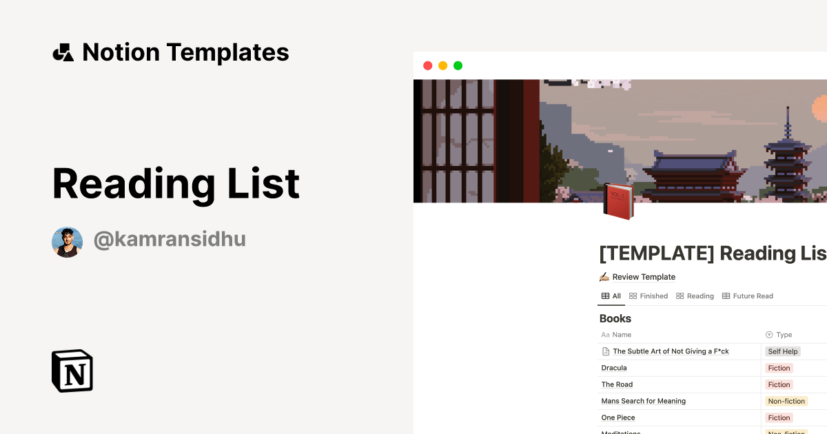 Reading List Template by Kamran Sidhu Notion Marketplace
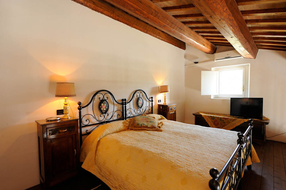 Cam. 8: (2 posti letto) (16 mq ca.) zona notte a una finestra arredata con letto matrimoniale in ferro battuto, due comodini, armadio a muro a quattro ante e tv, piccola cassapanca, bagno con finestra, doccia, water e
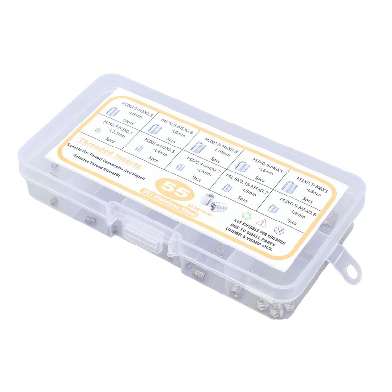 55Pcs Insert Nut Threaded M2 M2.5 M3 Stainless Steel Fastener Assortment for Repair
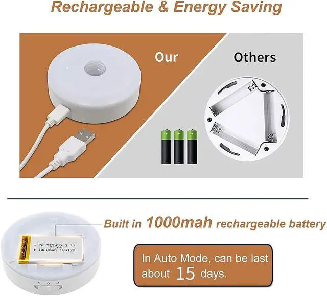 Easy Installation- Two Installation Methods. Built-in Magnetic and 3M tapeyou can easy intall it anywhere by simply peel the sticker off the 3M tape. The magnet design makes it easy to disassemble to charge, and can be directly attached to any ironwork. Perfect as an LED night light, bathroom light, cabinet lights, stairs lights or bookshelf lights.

---

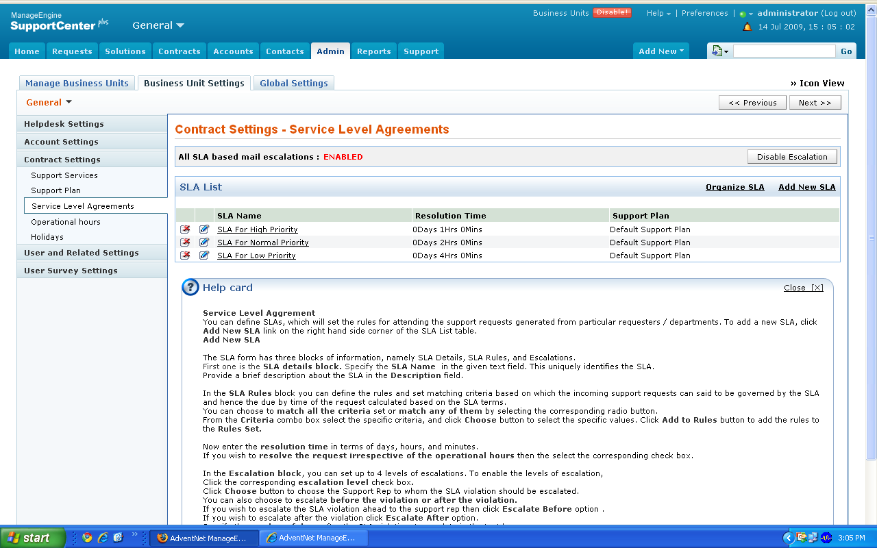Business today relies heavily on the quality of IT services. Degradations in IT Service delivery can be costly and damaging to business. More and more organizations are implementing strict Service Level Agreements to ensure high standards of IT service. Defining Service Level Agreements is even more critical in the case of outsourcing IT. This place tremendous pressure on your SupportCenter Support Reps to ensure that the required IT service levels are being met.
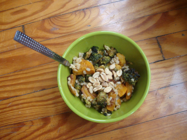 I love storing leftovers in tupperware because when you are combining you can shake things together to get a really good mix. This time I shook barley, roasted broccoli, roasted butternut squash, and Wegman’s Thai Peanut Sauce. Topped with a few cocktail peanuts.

> **REQUIRED WORK**: Above are the records. Copy only the lines from the one with "Reading List Template" through the one with "Easy Installation- Two", exactly, with no pictures.

> **RESPONSE BOX**:
 Reading List Template by Kamran Sidhu Notion Marketplace
 Cam. 8: (2 posti letto) (16 mq ca.) zona notte a una finestra arredata con letto matrimoniale in ferro battuto, due comodini, armadio a muro a quattro ante e tv, piccola cassapanca, bagno con finestra, doccia, water e
 55Pcs Insert Nut Threaded M2 M2.5 M3 Stainless Steel Fastener Assortment for Repair
 Easy Installation- Two Installation Methods. Built-in Magnetic and 3M tapeyou can easy intall it anywhere by simply peel the sticker off the 3M tape. The magnet design makes it easy to disassemble to charge, and can be directly attached to any ironwork. Perfect as an LED night light, bathroom light, cabinet lights, stairs lights or bookshelf lights.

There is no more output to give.